Japan govt workers to see 1st pay hike in 3 years

The Yomiuri Shimbun
Prime Minister Fumio Kishida, right, receives the recommendation on government workers’ salaries from National Personnel Authority President Yuko Kawamoto on Monday at the Prime Minister’s Office in Tokyo.

TOKYO (Jiji Press) — Japan’s National Personnel Authority recommended Monday that central government workers’ monthly salaries and bonuses be raised for the first time in three years in fiscal 2022, which started in April.

In its recommendation to parliament and the cabinet, the agency called for raising government employees’ monthly salaries by 0.23%, or ¥921, and their annual bonuses by an equivalent of 0.1 month’s worth of salary to 4.4 months.

Government workers’ annual pay is expected to rise by ¥55,000 on average. This may affect salaries paid to local government workers.

A tally by the agency showed that central government workers’ current average monthly salaries, at ¥405,049, were ¥921 lower than those of private-sector employees.

This is apparently because some companies’ earnings have recovered from the impact of the COVID-19 pandemic. Government workers’ bonuses were 0.11 month smaller than those of private-sector employees, according to the tally.
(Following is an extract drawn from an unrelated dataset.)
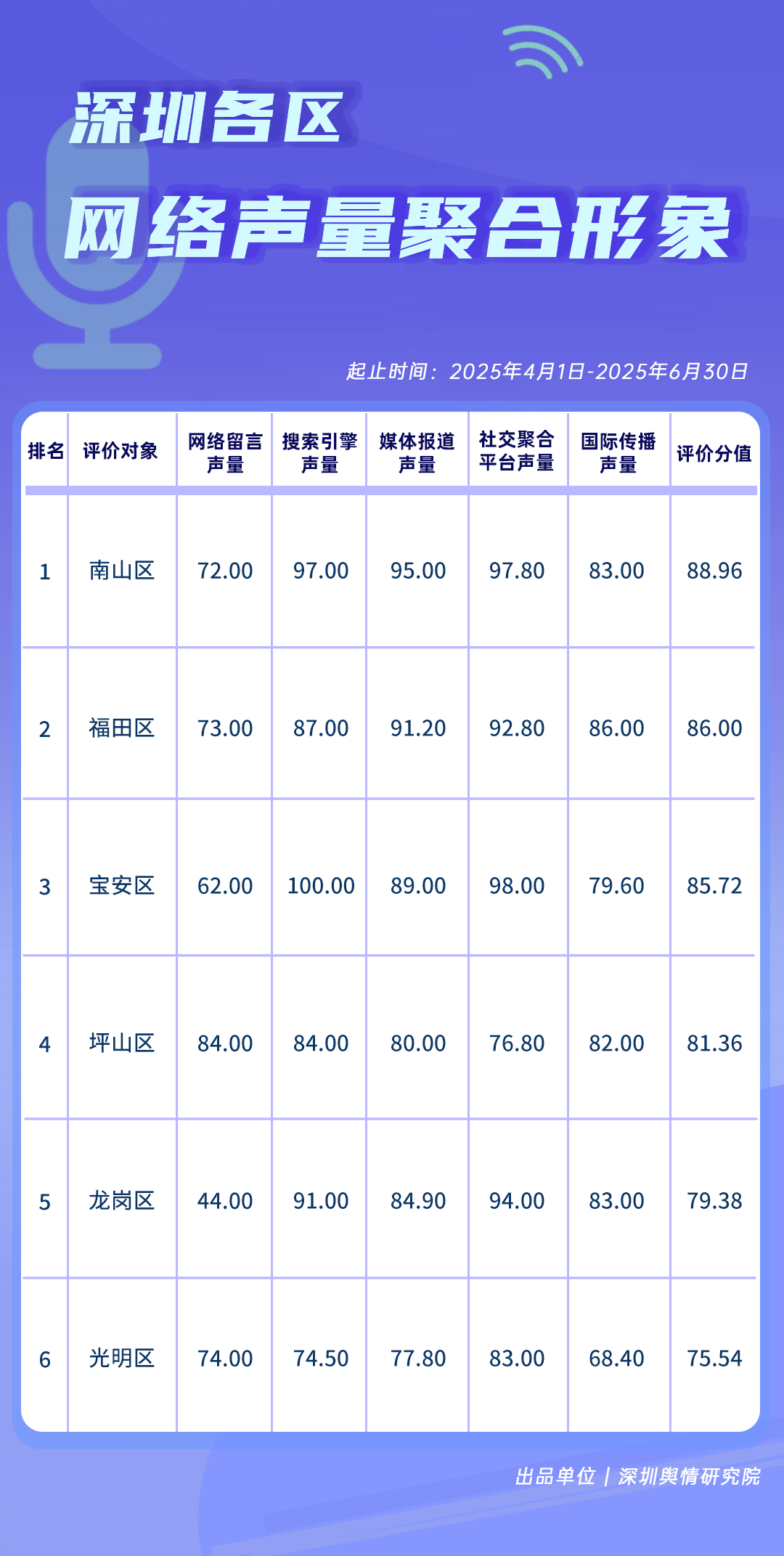 4-6月,《深圳各區(qū)網絡聲量聚合形象榜》中,南山區(qū)憑借各項聲量指標的優(yōu)異表現(xiàn),以88.96分榮登榜首,福田區(qū)、寶安區(qū)緊隨其后,在搜索引擎聲量、媒體報道聲量等指標上均斬獲高分,反映出市民及媒體對區(qū)域給予較高關注。坪山區(qū)、龍崗區(qū)、光明區(qū)也位居前列,表現(xiàn)不俗,為提升城市數(shù)字治理能級注入了源源不斷的動力。

The government is expected to raise basic salaries for workers aged 35 or younger. For bonuses, a performance-based portion will be raised.

The agency proposed moving forward entry examinations for career-track positions to early April in 2023 and to mid- to late March in 2024, from late April at present.

The change is designed to allow the government to decide who to hire around June 1, when many companies give informal job offers to applicants.

The personnel agency proposed shortening the minimum working hours under the flexible working system for government workers to two to four hours, starting April 2023, from six hours at present.